僕は小学生から中学生までは野球一筋だったんですが、高校ではあまり真面目に勉強せず、部活も真剣にやっていませんでした。そんな高校生活を過ごしていた時に、行き着いた先がなぜかアニメだったんです。今までずっと野球ばっかりやっていて見られなかったこともあったので「こんなものがあるんだ!」って、そこからどハマりしてしまいました。学校から帰宅した後はずっとアニメを見ていて、また寝る間も惜しんで漫画や小説、ライトノベルを読んだりと、いろんなジャンルのものに手を出して、「いつかこうしたエンタメに関わる仕事がしたい」という想いを深めていきました。そこから大学に入って、アニメや漫画ももちろんですが、エンタメ全般に携われる仕事をしたいということでテレビ局を目指しました。
障子 直登
ハマるきっかけのアニメはあるのですか?
『true tears』(2008年)というアニメですね。富山県が舞台になっていて、街並みがリアルで背景が水彩画みたいにキレイで、面白いし、お話も“恋愛”や“青春”がテーマですが、人間関係でちょっとドロドロした展開もあって、これまでに経験したことがないような衝撃を当時受けました。そのシリーズ構成をされた岡田麿里さんが、フジテレビでアニメ化された『あの日見た花の名前を僕達はまだ知らない。』(2011年)の脚本を担当されているのを知って、そこからどんどん繋がっていくというか、岡田さんがシリーズ構成・脚本を担当したアニメを見るようになって…と、どんどん様々なアニメを見るようになっていきました。
その岡田さんが脚本を担当している最新作で今年10月に公開される『ふれる。

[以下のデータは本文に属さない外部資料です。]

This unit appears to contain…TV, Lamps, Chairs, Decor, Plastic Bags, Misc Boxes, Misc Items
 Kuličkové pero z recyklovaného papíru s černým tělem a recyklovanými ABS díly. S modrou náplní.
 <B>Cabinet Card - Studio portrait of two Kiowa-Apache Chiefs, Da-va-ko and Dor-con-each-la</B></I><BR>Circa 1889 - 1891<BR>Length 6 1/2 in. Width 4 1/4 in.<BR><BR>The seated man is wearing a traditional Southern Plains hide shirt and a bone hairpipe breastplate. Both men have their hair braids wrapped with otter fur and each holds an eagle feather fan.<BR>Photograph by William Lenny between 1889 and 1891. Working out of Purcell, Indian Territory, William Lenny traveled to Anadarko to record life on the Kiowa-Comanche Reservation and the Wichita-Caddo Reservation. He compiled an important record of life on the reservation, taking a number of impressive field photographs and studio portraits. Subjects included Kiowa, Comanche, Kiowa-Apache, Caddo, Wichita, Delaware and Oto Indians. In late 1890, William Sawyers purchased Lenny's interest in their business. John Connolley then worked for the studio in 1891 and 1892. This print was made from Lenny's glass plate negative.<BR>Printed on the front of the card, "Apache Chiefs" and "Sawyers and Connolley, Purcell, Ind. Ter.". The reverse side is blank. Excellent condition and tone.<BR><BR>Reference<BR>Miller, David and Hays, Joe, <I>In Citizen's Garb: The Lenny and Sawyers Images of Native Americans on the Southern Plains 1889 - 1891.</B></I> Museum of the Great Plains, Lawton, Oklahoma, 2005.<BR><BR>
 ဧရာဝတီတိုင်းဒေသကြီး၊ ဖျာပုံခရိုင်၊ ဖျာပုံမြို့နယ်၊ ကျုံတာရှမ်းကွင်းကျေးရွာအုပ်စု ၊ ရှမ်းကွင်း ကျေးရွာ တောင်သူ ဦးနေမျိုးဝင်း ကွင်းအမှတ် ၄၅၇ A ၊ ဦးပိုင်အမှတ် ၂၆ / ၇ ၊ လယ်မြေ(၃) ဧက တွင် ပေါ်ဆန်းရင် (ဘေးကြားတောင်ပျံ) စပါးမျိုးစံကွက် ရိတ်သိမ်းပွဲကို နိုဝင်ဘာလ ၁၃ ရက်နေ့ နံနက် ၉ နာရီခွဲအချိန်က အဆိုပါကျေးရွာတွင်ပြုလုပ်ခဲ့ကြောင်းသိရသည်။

』というアニメ映画に、フジテレビの担当者として僕も入っているのですが、やはり自分がアニメ好きになったきっかけのスタッフの方々が手掛けられている作品なので、このプロジェクトに入れることができたのはすごく光栄ですね。なんかもう嬉しすぎてニヤニヤしてしまい、監督とお話しする機会があった時も「すごいめっちゃ好きでした!」って自然と言葉が出てきました。そうした方々とご一緒できて、「本当にアニメ制作の仕事に携われて良かったなぁ」って、つくづく思いますね。
ふれる。

©2024 FURERU PROJECT

では、「ちいかわ」に携わって「良かったなぁ」って実感するのはどんな時ですか?
もちろん、アニメ放送後のSNSでのみなさんからのコメントは励みになっていますし、嬉しいのですが、地元の京都に帰省した際、友人から「うちの娘が好きだよ!」とか「保育園のお遊戯会でやったよ」とか言ってもらえた時はすごくうれしかったですね。自分が住んでいた田舎の方でも「みんなが知ってくれている」っていうのは、すごくやりがいがあるって思いますね。
テレビ各局がアニメ制作に力を入れる中、この夏の組織改編でアニメ制作の部署は、独立した一つの局となりました。今後の展望などについてお聞かせください。

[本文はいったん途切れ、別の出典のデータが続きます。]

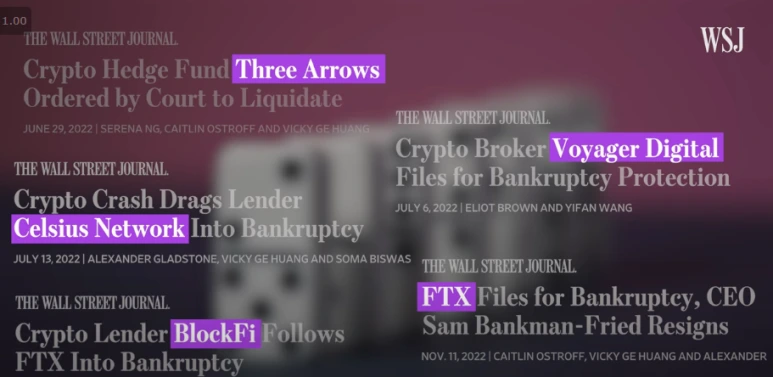 암호화폐 생태계는 상황이 좋을 때는 효율적인 시스템으로 보이지만, 위기 상황에서는 더 큰 위험을 전파시킵니다. Voyager는 2022년 7월 파산 신청을 했습니다. 며칠 후 Celsius도 파산했고 FTX는 2022년 11월 자금 관리 부실로 파산 신청을 했습니다. FTX 파산 이후 암호화폐 대출업체인 BlockFi는 인출을 중단하고 결국 파산했습니다. BlockFi는 FTX의 자매 회사인 Alameda에 대여했지만 대여금이 회수되지 않아 결국 무너졌습니다.
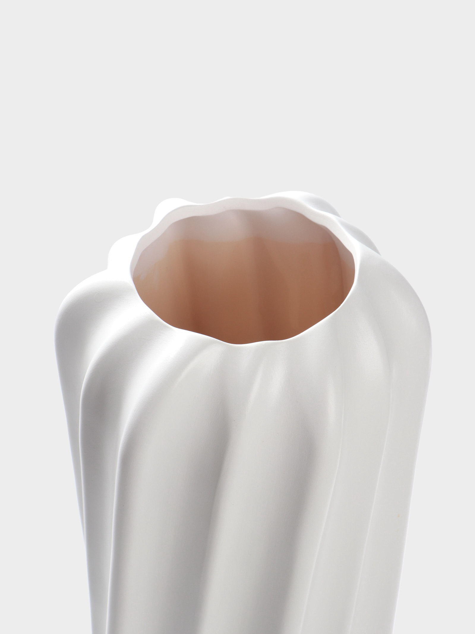 Размер упаковки: 17 x 17 x 58 см. tnved: 6913910000 Запрет реализации по сегментам: 00000000272 Цвет: Белый Вид вазы: Напольная Высота, см: 58 Текстура: С рельефом Белая керамика, строгий силуэт и выразительный рельеф. Напольная ваза "Бласио" это акцентный предмет интерьера, который привносит в пространство ощущение спокойствия, порядка и завершенности. Её лаконичная форма и фактурная поверхность создают игру света и тени, оживляя монохромную эстетику.
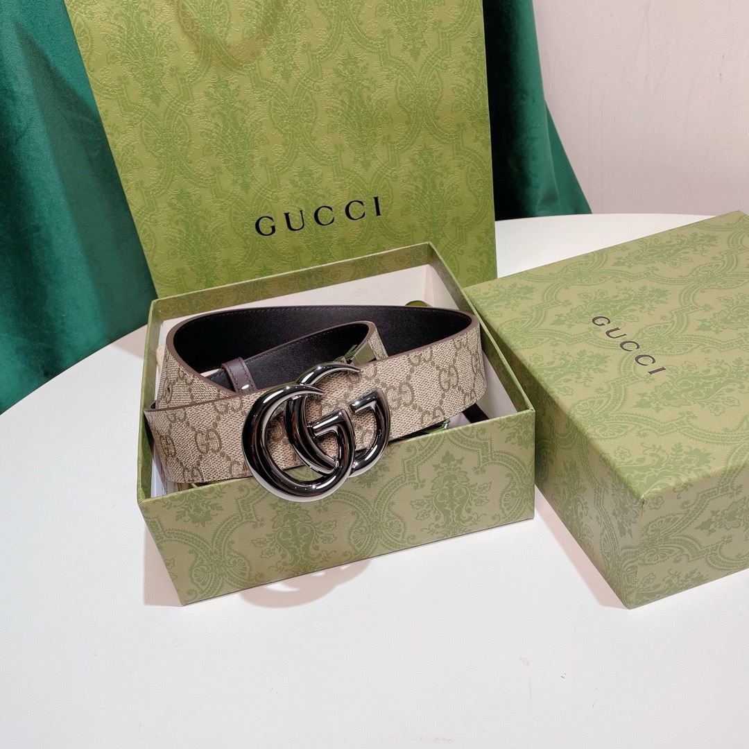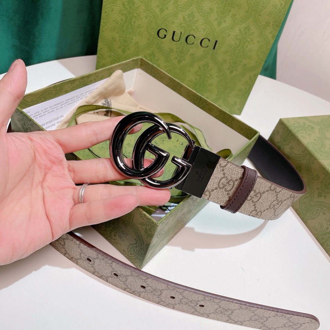 BELT GUCCI REVERSIBL BELT BLACK LEATHER SILVER BUCKLE CLASSIC
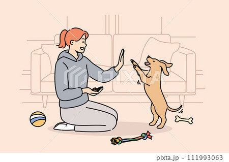 Woman trains dog while sitting on floor near sofa and giving food to puppy after following command
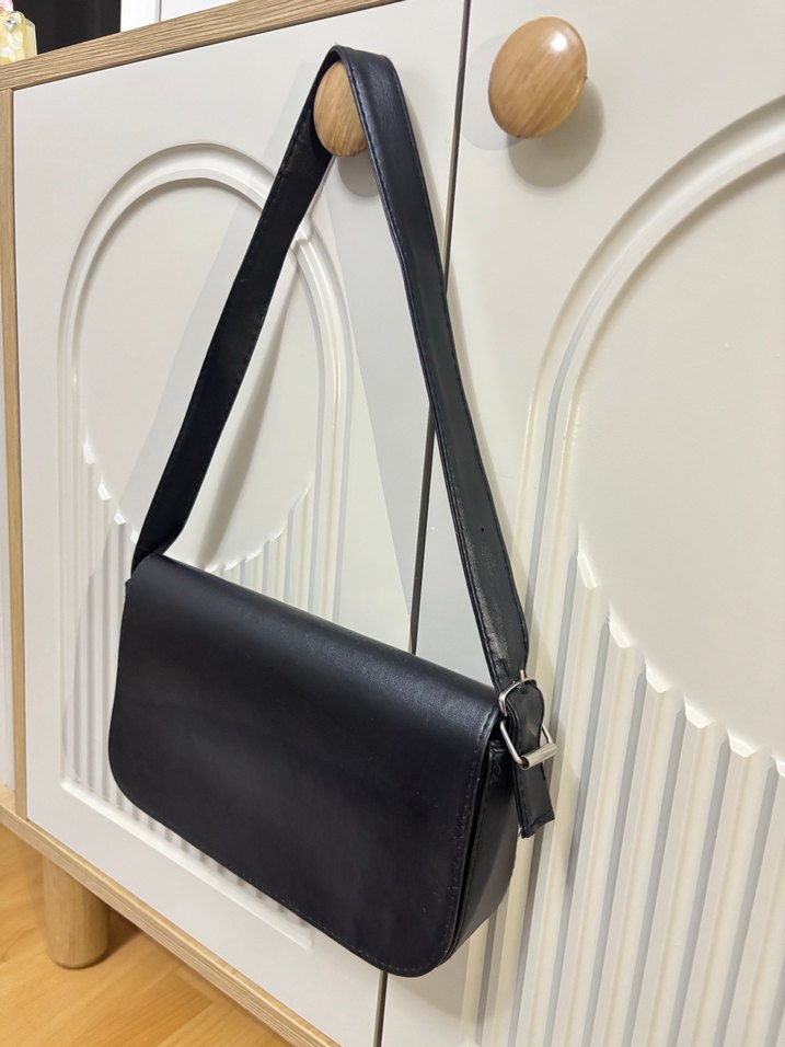 Siyah deri tokalı askıya sahip, desen içermeyen minimal tasarımlı kadın çantası. Günlük kullanıma uygun çağdaş ve klasik şıklıkta. Üstündeki ıslak mendil izi bi kusuru yoktur

もちろん他の仕事でもそうした面があると思いますが、アニメって本当にいろんな人とのつながりとかいろんな人が関わってできるものだと思っています。お付き合いのある会社さん、制作会社さん、クリエイターの方々も含めて、やはりフジテレビと一緒に仕事がしたいと思ってもらえるような組織になることが一番大事なのかなと思っています。また、フジテレビは“ノイタミナ”という深夜帯のアニメブランド枠を他局に先んじて立ち上げています。“ノイタミナ”らしさだったり、フジテレビのアニメってこういう作品だよねって思われるような作品を出し続けられればと思います。局になったことで、会社からより求められているのは「ヒットコンテンツの制作」、ビジネスとしてもしっかり結果を出すことだと思っています。ヒットもしたし、「みんながやってよかったね」って思える作品を作れることが「一番の幸せ」だと思うので、そうした作品を一つでも多く作れればと思っています。
障子 直登
それでは最後に、ご自身の今後の目標を教えてください。
『ちいかわ』は、2022年から放送して2年以上経ちました。フジテレビで放送している『ちびまるこちゃん』、『サザエさん』、『ワンピース』のように、長く愛される作品になれるよう頑張りたいなと思っています。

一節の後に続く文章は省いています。